In the meantime, think about where you might put your money this year.

  • Citigroup (C) and other big banks including Bank of America (BAC), J.P. Morgan Chase (JPM) and Wells Fargo (WFC) will see double-digit percentage gains in 2015 on an improving economy and easing regulatory burdens.

The financial sector has been slowly moving toward ripe for some time now. The pace might pick up this year a bit, as the burdens of legal costs from the meltdown of 2008 start closing out. As well, some finality on the Dodd-Frank legislation will come into play. Clarity is a good thing for market players and when they see it, along with the dissipating legal costs, the above “prediction” just might become actualized.  

  • Dish Network jumped on board the á la carte television bandwagon Monday, announcing plans to offer a standalone streaming video service that includes about a dozen popular cable channels.

Another place to look for possible trades and/or investments is in the media streaming zone. Yes, you can look straight to the big dogs, but keep in there is some serious competition developing in this arena. My thinking is you go to the smaller players that supply the hardware and software for the streaming. For example, here is what is happening with Roku.

  • At this year’s CES show Roku CEO Anthony Wood announced partnerships with two Chinese TV manufacturers to build flat-screens running Roku’s own OS and hardware, eliminating the need for an external set-top box.

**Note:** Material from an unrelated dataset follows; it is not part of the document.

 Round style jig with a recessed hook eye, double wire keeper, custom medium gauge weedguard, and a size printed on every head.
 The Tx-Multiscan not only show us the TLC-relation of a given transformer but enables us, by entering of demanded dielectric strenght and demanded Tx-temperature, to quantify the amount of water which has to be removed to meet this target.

Today, the US subsidiaries of those companies, Hisense and TCL have officially announced their Roku TV lineups.

The above are not trades, per se, but they do represent the idea well. As to the end-user, well, the consumer market will pick up in 2015, especially since the US and global consumers will have more discretionary income to spend on watching “a la carte” TV.

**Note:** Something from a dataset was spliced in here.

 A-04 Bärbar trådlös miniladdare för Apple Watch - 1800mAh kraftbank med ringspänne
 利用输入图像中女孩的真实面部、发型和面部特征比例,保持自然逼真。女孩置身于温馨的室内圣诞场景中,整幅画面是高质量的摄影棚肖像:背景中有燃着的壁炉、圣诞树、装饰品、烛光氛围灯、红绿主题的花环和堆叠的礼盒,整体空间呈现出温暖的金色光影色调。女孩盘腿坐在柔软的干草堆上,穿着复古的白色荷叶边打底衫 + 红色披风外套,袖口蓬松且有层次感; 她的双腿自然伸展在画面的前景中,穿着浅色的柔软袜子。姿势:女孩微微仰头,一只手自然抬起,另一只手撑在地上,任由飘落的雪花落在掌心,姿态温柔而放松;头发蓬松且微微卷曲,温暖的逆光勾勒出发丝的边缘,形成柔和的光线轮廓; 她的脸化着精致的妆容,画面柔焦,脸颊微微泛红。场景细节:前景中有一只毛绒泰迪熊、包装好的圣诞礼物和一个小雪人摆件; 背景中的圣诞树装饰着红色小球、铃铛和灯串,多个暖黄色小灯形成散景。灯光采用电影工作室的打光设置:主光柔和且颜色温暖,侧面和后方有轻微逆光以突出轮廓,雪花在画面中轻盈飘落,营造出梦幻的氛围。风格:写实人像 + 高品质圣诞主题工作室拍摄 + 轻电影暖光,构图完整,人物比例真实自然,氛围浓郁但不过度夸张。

  • Low oil prices will last long enough for one of two events to happen. The first possibility, the one most traders and analysts seem to expect, is that Saudi Arabia will re-establish OPEC’s monopoly power once it achieves the true geopolitical or economic objectives that spurred it to trigger the slump.
  • The second possibility is that the global oil market will move toward normal competitive conditions in which prices are set by the marginal production costs, rather than Saudi or OPEC monopoly power. This may seem like a far-fetched scenario, but it is more or less how the oil market worked for two decades from 1986 to 2004.

Lower oil prices are the big reason global consumers will have more money to spend on TV, and they are not likely to go back up for some time. The first of the above two necessary events will not occur for a while, as US oil producers have been so successful hedging oil prices they can hold on for some time to come as prices go lower.

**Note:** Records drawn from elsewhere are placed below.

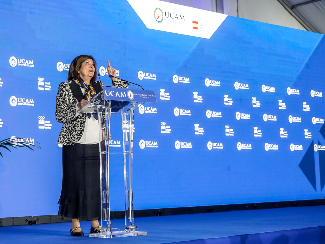“Con este nuevo campus especializado en la nutrición, el deporte y la salud, en el que convivirán la educación, la investigación y el espíritu deportivo, y en el que apostaremos por la excelencia académica, la internacionalización, el deporte como forma de vida, los valores olímpicos y la innovación, un proyecto que se sustenta en valores fundamentales como el trabajo, el equipo, la superación y el esfuerzo que representa este Centro de Estudios Superiores Alma Mater UCAM-COE en el que hemos invertido 20 millones de euros, generando empleo a más de 200 personas en su primera fase y constituyendo un polo de atracción internacional a nivel docente e investigador”, aseguró Maria Dolores García Masscarell, presidenta de la UCAM.
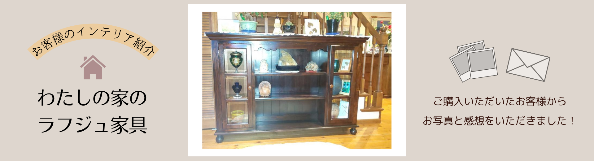 「既に我が家の玄関に馴染んでいます。」とのお言葉に、ラフジュ工房も大変嬉しく思います。k-miri様のご自宅の温かみのある雰囲気にもよくマッチし、ご家族やお客様を迎える玄関の顔として活躍しくてくれる事間違いなしですよ!今後、サイドキャビネットがk-miri様の暮らしに潤いをもたらす存在となります事、スタッフ一同心より願っております。
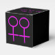 Diese phantastische Gefälligkeitsbox ist für Lesben konzipiert. Es verfügt über zwei rosa Frauensymbole, die nebeneinander stehend sind. Der Hintergrund ist schwarz. Auf dem Kasten ist ein anpassbarer Text, der die Namen des glücklichen Paares enthält.
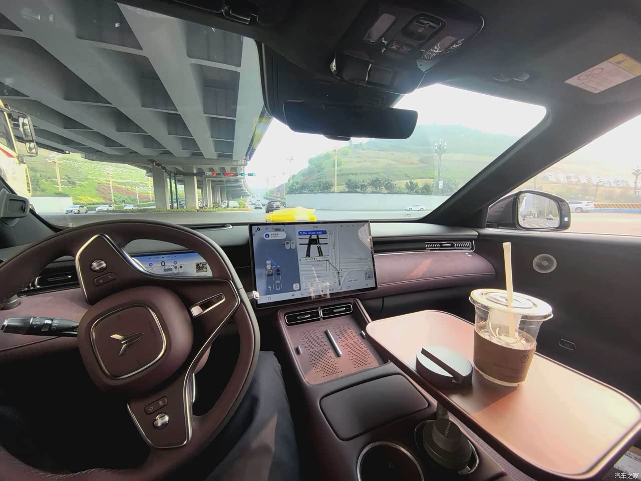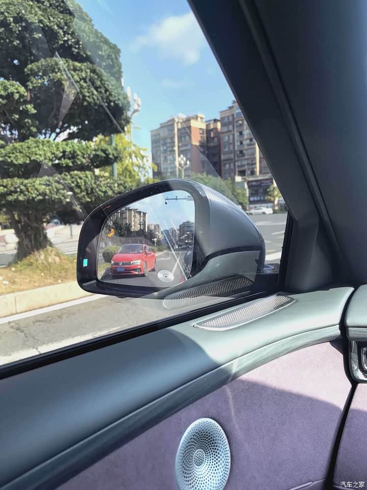 和外观呈现同色的紫色着实让我心动不已。其整体呈现出简约且豪华的风格,凡是能够触碰到的地方均采用软质材料精心包裹,摸上去手感颇为细腻柔滑,就连缝线也都整齐有序,从细节之处便能感受到十足的精致感。那中控屏镶嵌于紫色内饰当中,视觉呈现效果极为和谐统一。并且座椅还采用了皮质进行包裹处理,紫色座椅与浅色缝线相互搭配,瞬间将高级感拉至顶点。只是存在一个小瑕疵,中控的亮黑面板格外容易沾染指纹,需要时常进行擦拭清理,这一点确实有些许不便。
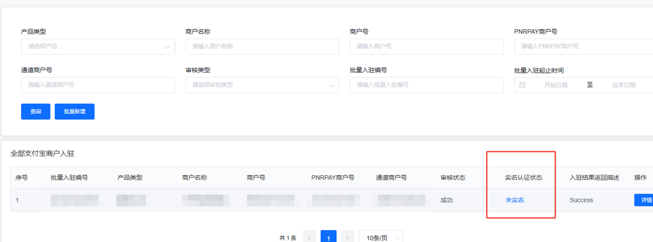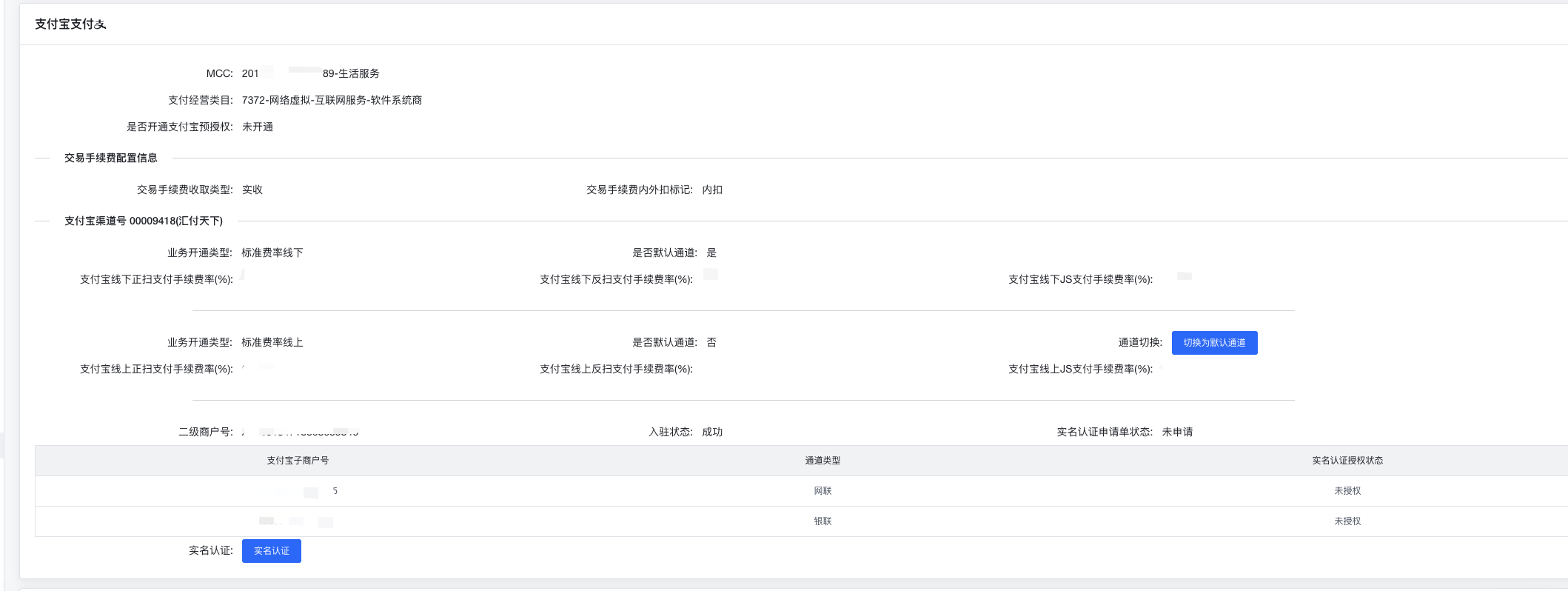 2、若实名认证状态为未实名,点击未实名,显示新的支付宝渠道号,新的支付宝渠道号切换为默认通道,实名认证授权状态会从已实名变为未实名,重新扫二维码实名授权,状态就会再次变更为已实名

The second possibility will result from the first. Oil prices will be subject to supply and demand forces because everyone will be hard at work trying to capture and/or keep market share, especially as the next generation of fuel-efficient cars get on the road in 2015.

My point is – don’t worry about the falling market. The above will ensure it will come back, and when it does, be prepared to find some buys and then make your bets.